**Data section:**

☆ ☆ ☆ ☆ ☆

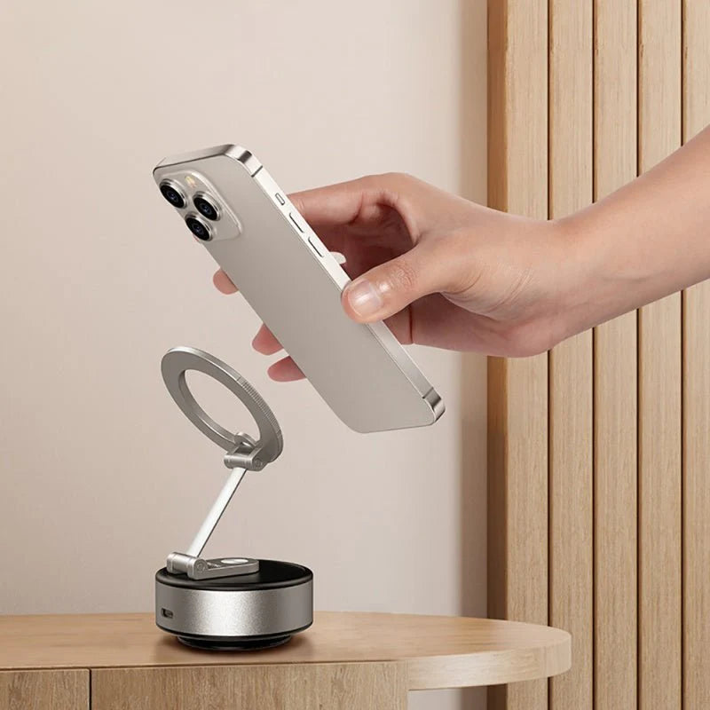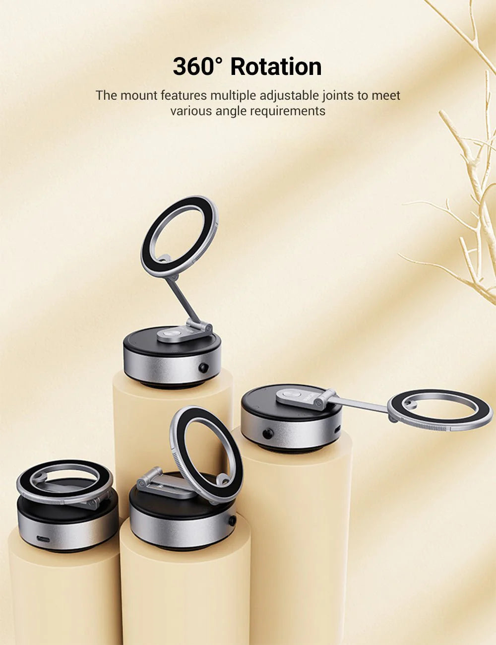 The MagSafe Vacuum Magnetic Phone Mount is specially designed for Tesla Model 3, Model Y, Model S, Model X, and Cybertruck owners who want a stable, compact, and effortless phone-mounting solution. Featuring a powerful magnetic adsorption system and a vacuum-enhanced base, this mount delivers exceptional holding strength even on rough or uneven roads. Its lightweight and compact structure ensures it fits seamlessly into any Tesla interior without blocking the screen or taking up space.
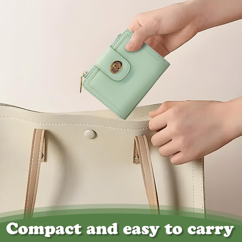 AdiStylinno Ladies Purse, PU Leather Wallet for Women with Zip Coin Pocket and Lock Buckle, Fashion Small Wallet Coin Purse with Multiple Card Slots and ID Window (Green)
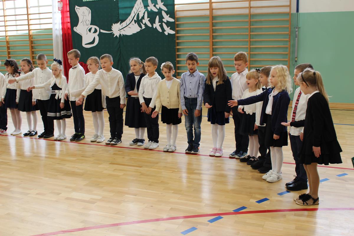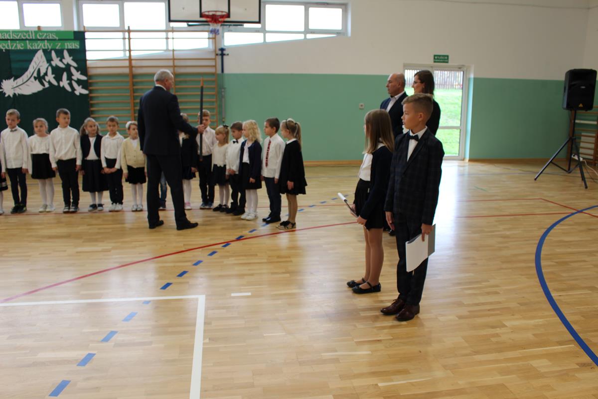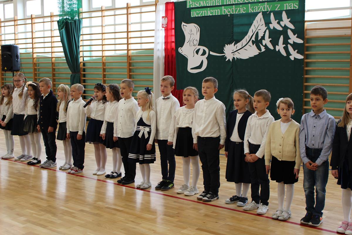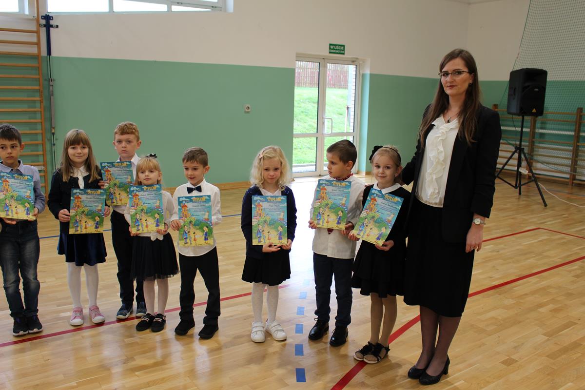Następnie pierwszacy wykonali krótki program artystyczny, podczas którego zaprezentowali swoje talenty recytatorskie i wokalne, wzbudzając aplauz wśród zgromadzonej publiczności. Po części artystycznej wychowawczynie wręczyły wszystkim uczniom pamiątkowe dyplomy. Na koniec głos zabrał Pan Dyrektor – życząc pierwszakom wielu sukcesów w nauce.

☆ ☆ ☆ ☆ ☆

**Task objective:**
Your task is to reproduce exactly the lines from the one with "AdiStylinno Ladies Purse, PU" to the end of the material, both included, with the pictures left out.

**Exercise result:**
 AdiStylinno Ladies Purse, PU Leather Wallet for Women with Zip Coin Pocket and Lock Buckle, Fashion Small Wallet Coin Purse with Multiple Card Slots and ID Window (Green)
Następnie pierwszacy wykonali krótki program artystyczny, podczas którego zaprezentowali swoje talenty recytatorskie i wokalne, wzbudzając aplauz wśród zgromadzonej publiczności. Po części artystycznej wychowawczynie wręczyły wszystkim uczniom pamiątkowe dyplomy. Na koniec głos zabrał Pan Dyrektor – życząc pierwszakom wielu sukcesów w nauce.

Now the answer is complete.